“Through him, She…”

I am finally reading the “Gospel of Ramakrishna” which I picked up over the summer. Sri Ramakrishna Paramahamsa was a Sanatana Dharmist in the truest sense I can think of. He tested every path for himself: From Daulism to Advaita, from Shaktism to Vaisnavism, to Sikhism, Buddhism and Jainism, to Islam and Christianity.Without delving into flat out pluralism or polytheism.

He found that all paths lead him back to Brahman. In worshiping God as Master (worshiping Rama through the eyes of faithful servant Hanuman), Father, Mother and Lover he found that all paths led back to the formless, attribute-less, undefinable Oneness, Brahman.

I recall that in my previous experience as a Christian I’d often hear folks say “Through Him, I” did this or that, meaning by the Grace of God, or in Jesus’ Name, they were able to do something. The account uses phrasing in relation to Ramakrishna’s samadhi with Maa Kali that caught my attention:

“Through him, She…”

In other words, through this frail quiet man then called Ghadadar, Maa Kali worked. Depending on the philosophy of those you associate with you will hear Hindus say we humans “do” nothing. And sometimes you will hear others say that God “does” nothing, that God is the Supremely Aloof Allness. Usually that refers to Brahman. But God, in this case Kali, is not Brahman, but an active (shakti) manifestation of That. It “does”. We do not. I guess that adds up for me. We act because we have to. It is a part of the dharma that makes the world go ’round, ya know? But we do not “do” or at least should not think of ourselves as “doing.”

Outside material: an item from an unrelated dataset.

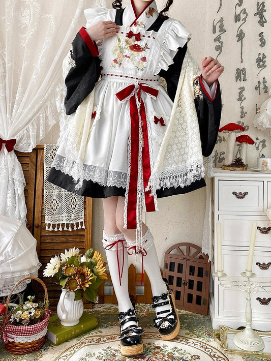 Summer Pleated Jumper Trim Ruffle Lolita and Black Skirt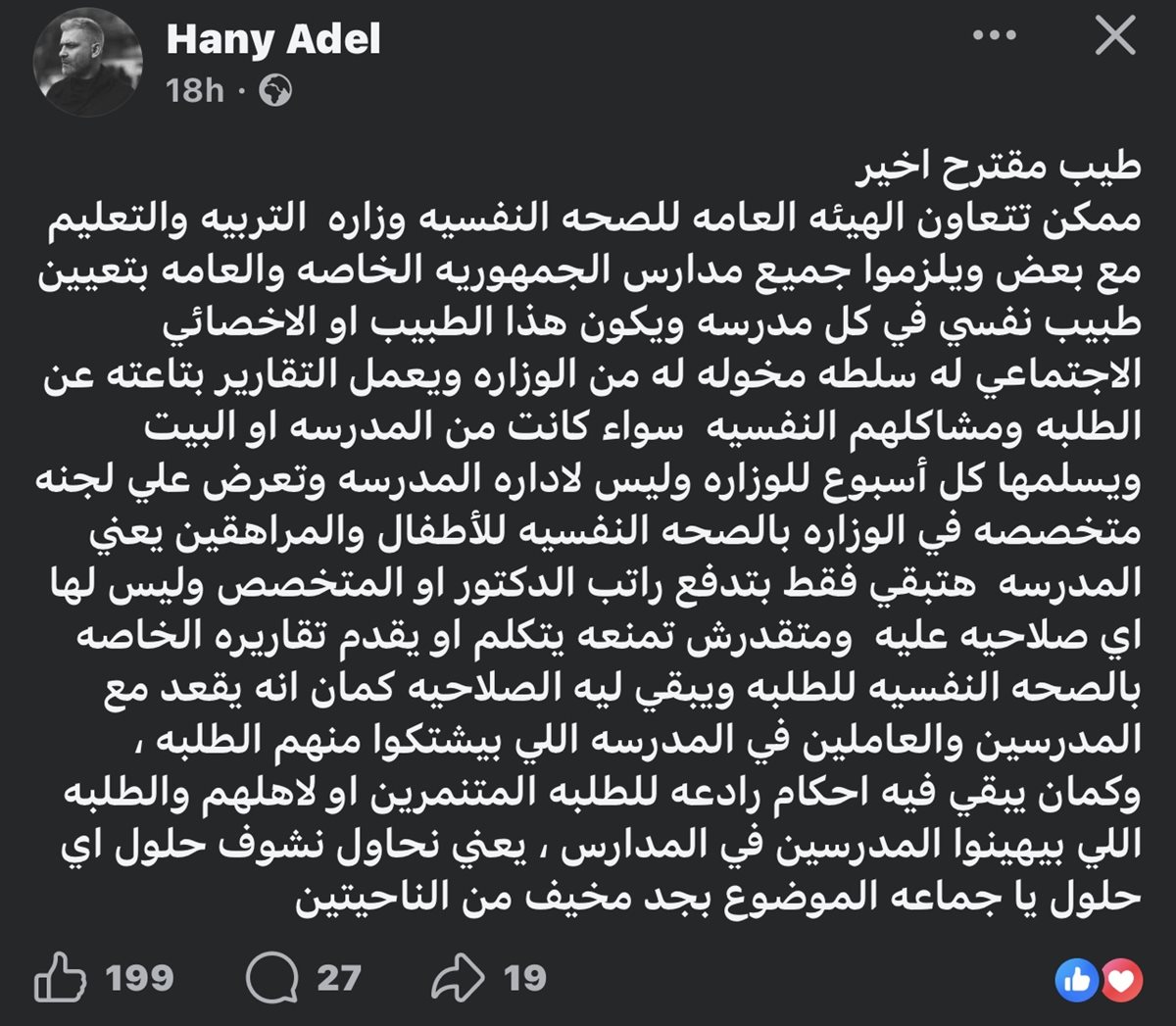 قال هاني عادل: “طيب مقترح اخير .. ممكن تتعاون الهيئه العامه للصحه النفسيه وزاره التربيه والتعليم مع بعض ويلزموا جميع مدارس الجمهوريه الخاصه والعامه بتعيين طبيب نفسي في كل مدرسه ويكون هذا الطبيب او الاخصائي الاجتماعي له سلطه مخوله له من الوزاره”.

Some people do not like the idea that we are “an instrument of God” but I view it as a helpful mindset to keep ego at bay. Other than that – and with all gender pronouns being understood as equal – both “Through Him, I…” and “Through him, She” suggest some individual divine favor. It’s a close race and between the two I can’t rightly say which suggests it more. If anything I can say that “Through him, She” is less dualist, but almost not even noticeably so. But their is definitely something refreshing about reading the phrasing with all of the Glory given over to Maa Kali.

Jai Maa!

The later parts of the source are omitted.